Owned or franchised by Sobeys Inc., more than 140 Needs stores and gas bars are located throughout Atlantic Canada
One of Canada's biggest food retailers says the pandemic is having a lasting impact on food consumption as consumers continue to spend more at grocery stores and cook at home rather than return to restaurants.
Michael Medline, president and CEO of Empire Co. Ltd. and its subsidiary Sobeys Inc., said the shift appears to be permanent.
"We are seeing a structural change in consumption of food at home,'' Medline said during a conference call with analysts on Thursday to discuss Empire's second quarter results.
"Customers have seen and experienced the affordability and convenience of eating at home with their families,'' he said. "We believe there is permanence in this shift.''
One of the most notable changes in grocery shopping habits is an ongoing elevated basket size, indicating that consumers are buying more food with each shop.
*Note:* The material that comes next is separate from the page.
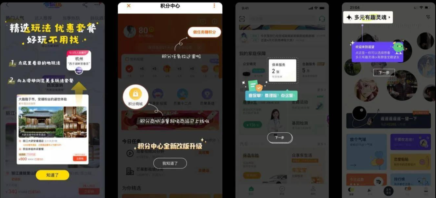 在新用户上手时,如果用户没有强烈的使用诉求,极有可能在初步尝试后就因为畏难而草率弃用。因而很多软件设置了上手指南,以提示弹窗配合灰度一步步引导的方式,带领用户预操作一番或者认识最常用功能,降低认知负荷,提升产品有效性。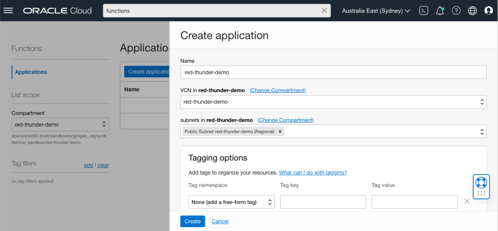 $ fn update context api-url https://functions.ap-sydney-1.oraclecloud.com

"We're seeing basket sizes remain at elevated levels,'' Medline said, adding that in conjunction with the grocer's other data on shopping habits there is evidence of a "permanent shift.''
Empire, which owns multiple food retailers including Sobeys (which owns or franchises more than 140 Needs stores and gas bars throughout Atlantic Canada), Safeway, IGA, Foodland and FreshCo (as well as Needs convenience), earned $175.4 million in its latest quarter, up from $161.4 million in the same quarter last year, helped by a nearly five per cent increase in sales.
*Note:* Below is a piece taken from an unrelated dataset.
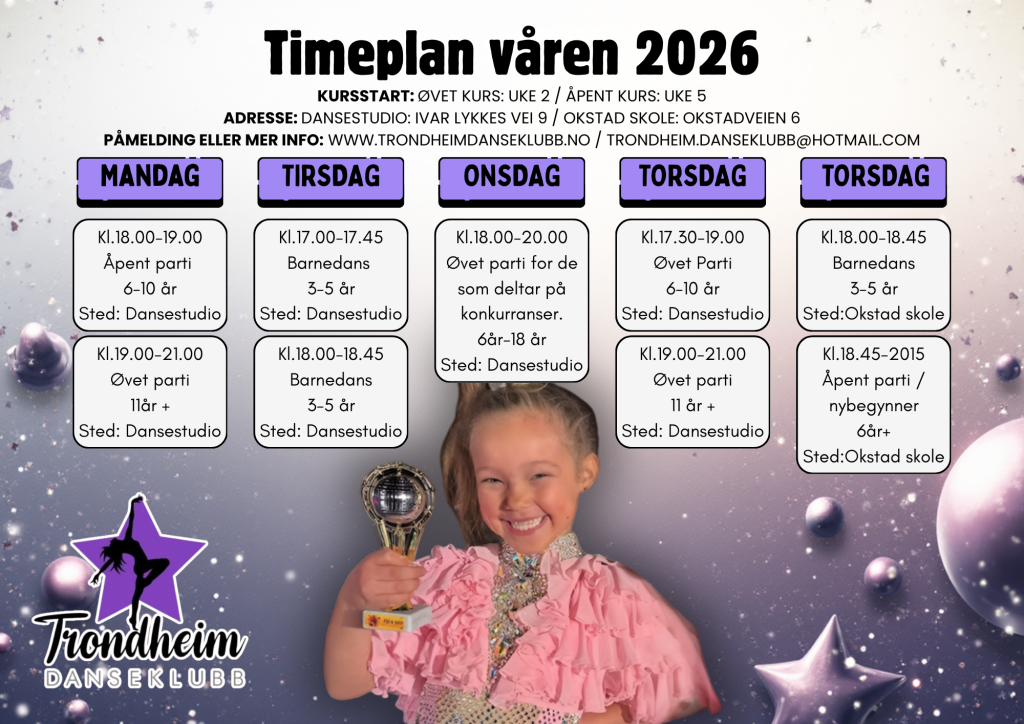 • Onsdager Øvet kurs for de som deltar på konkurranser: Et ekstra tilbud for dansere som deltar i konkurranser. Det anbefales at danseren følger minst ett tilleggskurs, da kursene bygger på hverandre og bidrar til å styrke både teknikk og utvikling.

Its profit amounted to 66 cents per diluted share for the 13-week period ended Oct. 30, up from 60 cents per diluted share a year earlier.
Sales in what was the company's second quarter totalled $7.32 billion, up from $6.98 billion.
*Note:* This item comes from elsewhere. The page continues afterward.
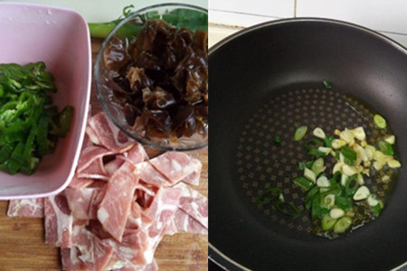 培根切成薄片,青椒洗净切成丝,木耳洗净撕成小块。炒锅上灶,倒入适量油烧热,下葱姜煸炒。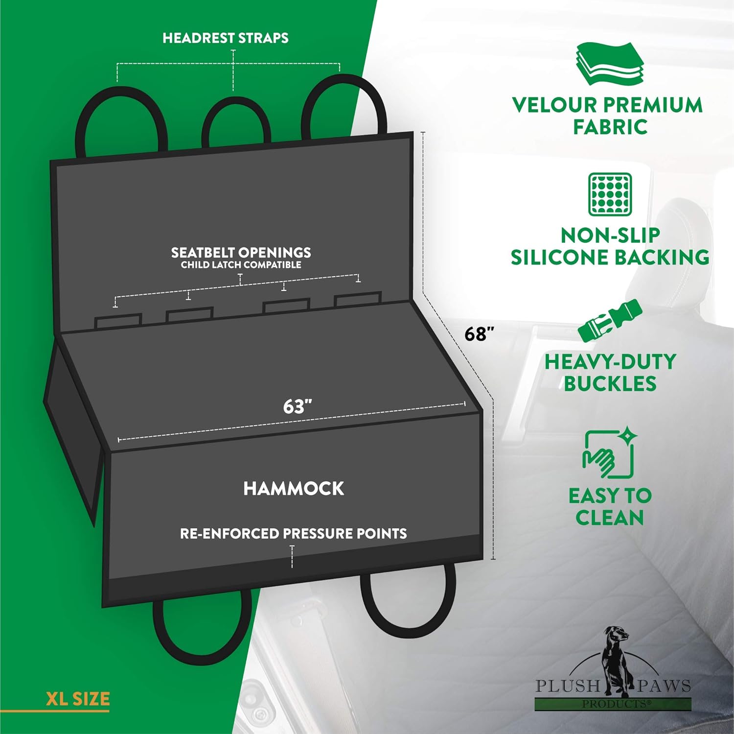 Plush Paws Products Velvet Rear Car Seat Protector w/Hammock | Washable & Waterproof Back Seat Dog Cover for Car, Truck, & SUV | Nonslip, Tear Resistant Pet Seat Cover | X-Large Desert Sand

Yet Empire noted that its sales are affected by fluctuations in inflation, with higher prices starting to shape what products shoppers buy.
"Inflation is unusually high right now,'' Medline said. "Where we've had unavoidable price increases, we see customers sometimes substituting products within their basket.''
Meanwhile, Empire said its sales growth was due to its acquisition of the Longo's supermarket chain earlier this year and higher fuel sales, as well as the expansion of its Farm Boy banner and Voila online grocery service in Ontario and its FreshCo banner in Western Canada.
The gains were offset by a stabilization of shopper behaviour as COVID-19 restrictions were eased across the country.
Same-store sales grew 0.4% compared with a year ago, while same-store sales, excluding fuel, fell 1.3%.